Nezzar was of a number of Algerian professional soldiers who gained their initial training and experience serving with the French forces before defecting to the nationalist FLN forces during the final years of the War of Independence. Nezzar and another Muslim officer reached Tunis by way of Rome in 1958. His French service made him valuable as a staff officer to the FLN, although he recalled receiving the cool greeting "you left it late" from his new commander.

After independence in 1962, Nezzar remained in the new Algerian army, and started rising through the ranks. He went to Moscow in 1964 to receive military training at the M. V. Frunze Military Academy. Upon his return in 1965, he was named Director of Materiel in the Ministry of National Defense. Soon after Houari Boumedienne's coup, he was put in charge of the Saharan 2nd Motorized Infantry, based around Ain Sefra. In 1968, he was sent to Egypt to help guard the Egypt–Israel line of control, which at the time (just after the Six-Day War) witnessed regular artillery bombardments and aerial bombings. After returning from Egypt, he was put in charge of training Algeria's first paratroopers, with Soviet help, at Biskra.

In 1975, he went through further training at the École supérieure de guerre in Paris; at this point, he was a Lieutenant-Colonel. He returned in his second year without finishing his studies, having been summoned back to command troops in Tindouf at the height of the Moroccan-Algerian conflict over the Western Sahara issue. He spent the next seven years in the Béchar-Tindouf area.

After Chadli Bendjedid took power, Nezzar was sent away from Tindouf to the east, a decision which he resented.

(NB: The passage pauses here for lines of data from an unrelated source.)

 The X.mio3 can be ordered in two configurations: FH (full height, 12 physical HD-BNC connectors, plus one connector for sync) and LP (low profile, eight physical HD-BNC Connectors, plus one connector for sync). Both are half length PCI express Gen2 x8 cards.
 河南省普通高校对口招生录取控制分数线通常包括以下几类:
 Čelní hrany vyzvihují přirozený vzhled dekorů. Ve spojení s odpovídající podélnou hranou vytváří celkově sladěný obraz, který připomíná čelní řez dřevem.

He rose rapidly through the ranks, and, by 1988, he was a ground forces commander at Ain Naadja in Algiers, where he played a significant role in suppressing the "Black October" riots.

==Political career==
Nezzar became Minister of Defense in July 1990. In his memoirs, he recounts his hostility during this period to the interim prime minister Mouloud Hamrouche and president Chadli Bendjedid, whom he accuses of effectively "conniving" with the Islamic Salvation Front for the sake of increasing their power.

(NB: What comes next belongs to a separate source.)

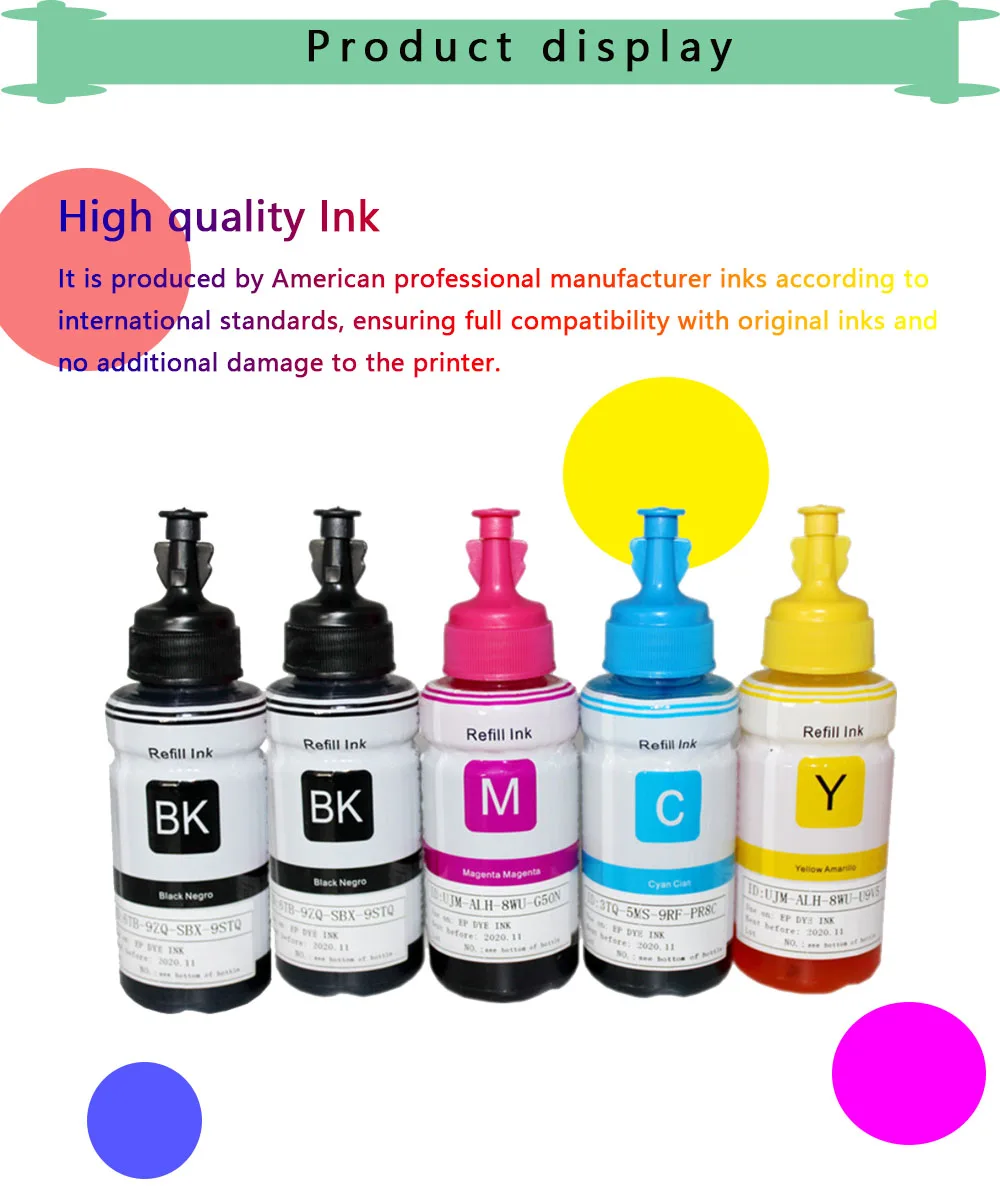 Набор чернил на основе красителя для Epson L100 L110 L120 L132 L210 L222 L300 L312 L355 L350 L362 L366 L550 L555 L566

After the Islamic Salvation Front's electoral victory in 1991, he, along with Larbi Belkheir, was among the leading generals who decided to depose then-President Chadli Bendjedid and annul the elections, marking the beginning of the Algerian Civil War. He became a member of the new provisional governing body, the High Council of State (HCS), when it was established in January 1991. He survived an assassination attempt in February 1993 in El Biar (Algiers), and gave up his position five months later, when the HCS's mandate terminated. In 1999, he (unusual for an Algerian general) published his memoirs, written in French and translated into Arabic.

==Personal life==
In October 2001, Khaled Nezzar's son Lotfi violently attacked a Le Matin reporter, Sid Ahmed Semiane, for having criticized his father. He had already threatened him several times. Nezzar apologized for his son's actions three days later; his son was eventually found guilty in court, and paid a fine of 12 euros.

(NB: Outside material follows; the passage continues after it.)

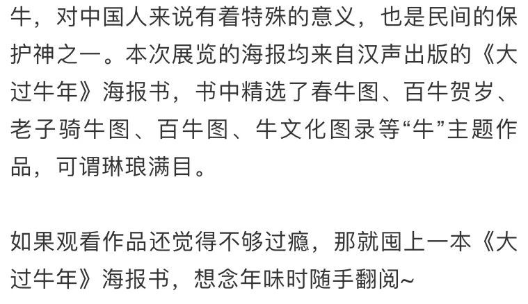 现在,乐开书店正在举办《“大过牛年”海报展》,不妨趁着元宵节来此游逛,收获一波浓郁年味,为辛丑春节画上一个圆满的句号。

In 2002, Nezzar sued the dissident officer Habib Souaidia in Paris for defamation. Souaidia had accused him of "being responsible for the assassination of thousands of people", blaming him and other generals for starting the war and committing massacres attributed to the Armed Islamic Group. As the trial began, nine Algerians in Paris filed complaints against Nezzar for torture and inhumane treatment; he left Paris before these could be evaluated, saying he did not want to risk a diplomatic incident. The court found Souaidia innocent.

===Death===
Nezzar died in Algiers on 29 December 2023, at the age of 86.